Friday, June 13, 2008

Exhausted

It's the end of our first full week of classes and I am whooped. It's been so busy. I just checked my email and facebook for the first time in four days, I think. It's hard to keep track. I think I would be able to juggle it all if I was not sick. I have an ear infection, and now, a sinus infection. This makes school hard because I don't feel like sitting in class or staying up late. This weekend will be good. I can catch up on what I haven't done and hopefully get a little ahead for next week. Everyone's been really great. The girls take care of me with medicine, tea, food, etc. No profound thoughts for today. But I will say that "Christobel" is very interesting to learn about and discuss when you haven't read it. And there was a great thunderstorm in the middle of the night that I woke up for for parts of. It was the good waking up, where you're aware of what's happening but have no problem going right back to sleep. We had an excursion due today for travel writing where we talked about the different images of England from books and literature that informed our expectations, and I talked about Austen and Bronte and then poets like Larkin and Arnold. These authors offer very different images of England. And here is Arnold's poem, tragically beautiful. Compare it to rosy life in a manor house and you might get some shivers.

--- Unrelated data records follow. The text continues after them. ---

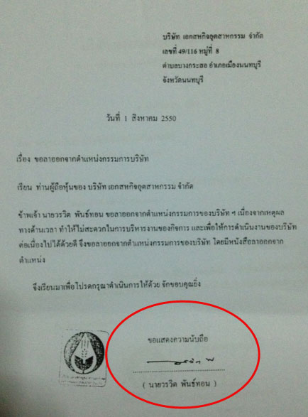 จากการตรวจสอบรายชื่อผู้ถือหุ้นบริษัทฯ ล่าสุด เมื่อวันที่ 29 เมษายน 2555 พบว่า นายวรวิต พันธ์ทอน ยังปรากฏรายชื่อเป็นผู้ถือหุ้นใหญ่ จำนวน 21,000 หุ้น
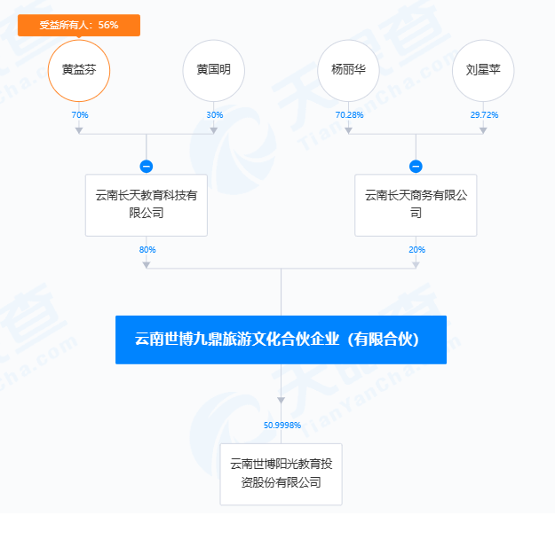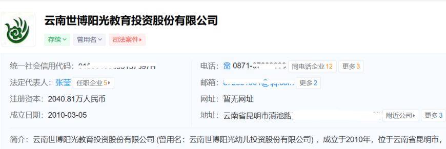 天眼查顯示,云南世博公司(曾用名:云南世博陽光幼兒投資股份有限公司、昆明陽光幼兒投資有限公司)成立于2010年3月5日,注冊資本2040.81萬元,法定代表人是張瑩,其是董事長兼總經理。
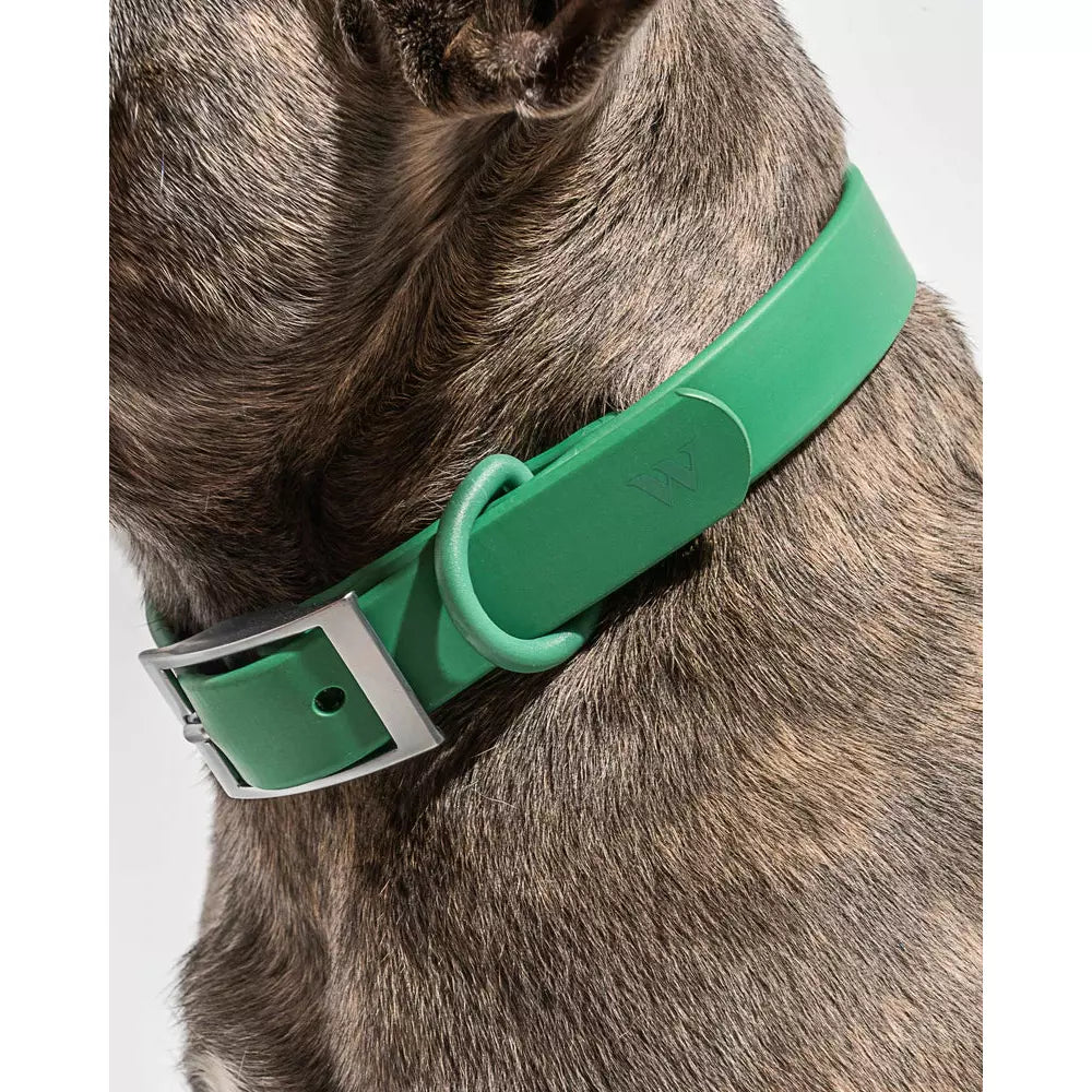 Easy to use, simple to clean. Made with a super strong flex-poly strap, this all-weather collar is comfortable and functional. Plus it's also dirt and odour resistant. With a zinc alloy buckle and coated carbon steel D rings, this collar is sure to last many a walk.
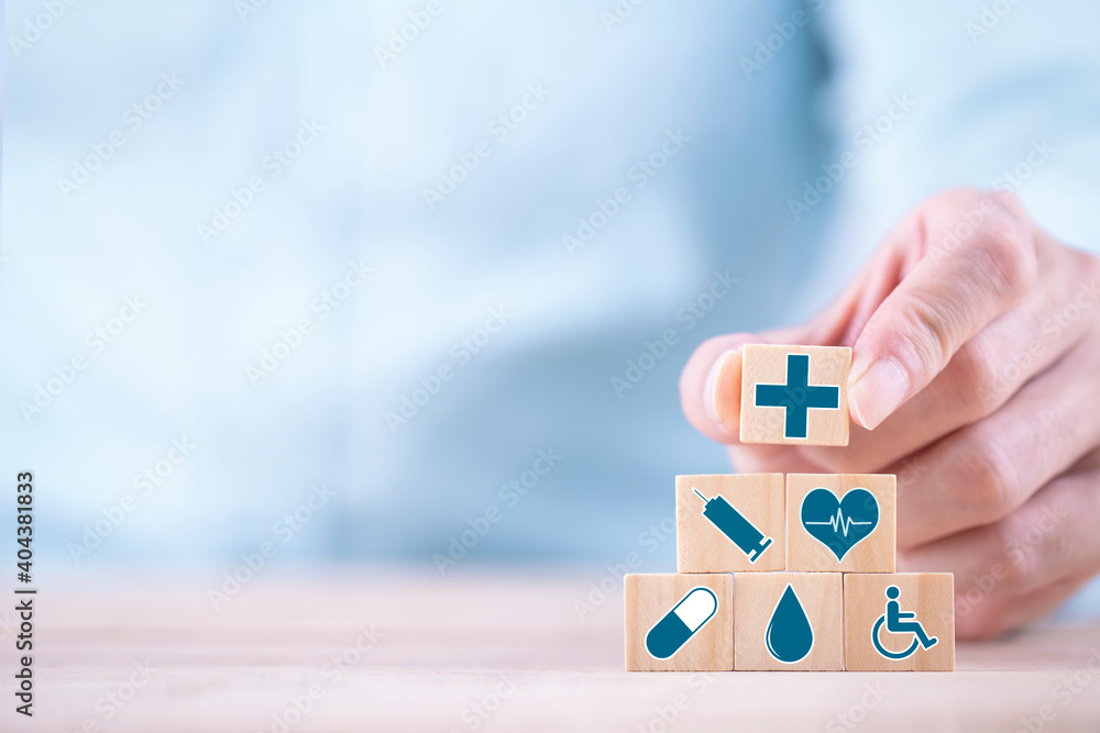 Businessman chooses a emoticon icons healthcare medical symbol on wooden block , Healthcare and medical Insurance concept
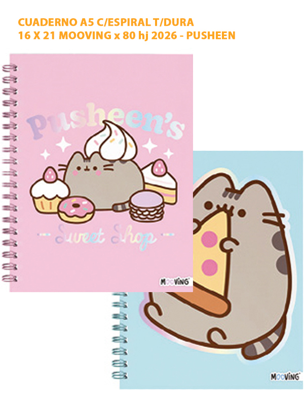 CUADERNO A5 C/ESPIRAL T/DURA 16 X 21 MOOVING x 80 hj 2026 - PUSHEEN

Dover Beach Matthew Arnold

The sea is calm to-night.
The tide is full, the moon lies fair
Upon the straits; on the French coast the light
Gleams and is gone; the cliffs of England stand;
Glimmering and vast, out in the tranquil bay.
Come to the window, sweet is the night-air!
Only, from the long line of spray
Where the sea meets the moon-blanched land,
Listen! you hear the grating roar
Of pebbles which the waves draw back, and fling,
At their return, up the high strand,
Begin, and cease, and then again begin,
With tremulous cadence slow, and bring
The eternal note of sadness in.

Sophocles long ago
Heard it on the A gaean, and it brought
Into his mind the turbid ebb and flow
Of human misery; we
Find also in the sound a thought,
Hearing it by this distant northern sea.

The Sea of Faith
Was once, too, at the full, and round earth's shore
Lay like the folds of a bright girdle furled.
But now I only hear
Its melancholy, long, withdrawing roar,
Retreating, to the breath
Of the night-wind, down the vast edges drear
And naked shingles of the world.

Ah, love, let us be true
To one another! for the world, which seems
To lie before us like a land of dreams,
So various, so beautiful, so new,
Hath really neither joy, nor love, nor light,
Nor certitude, nor peace, nor help for pain;
And we are here as on a darkling plain
Swept with confused alarms of struggle and flight,
Where ignorant armies clash by night.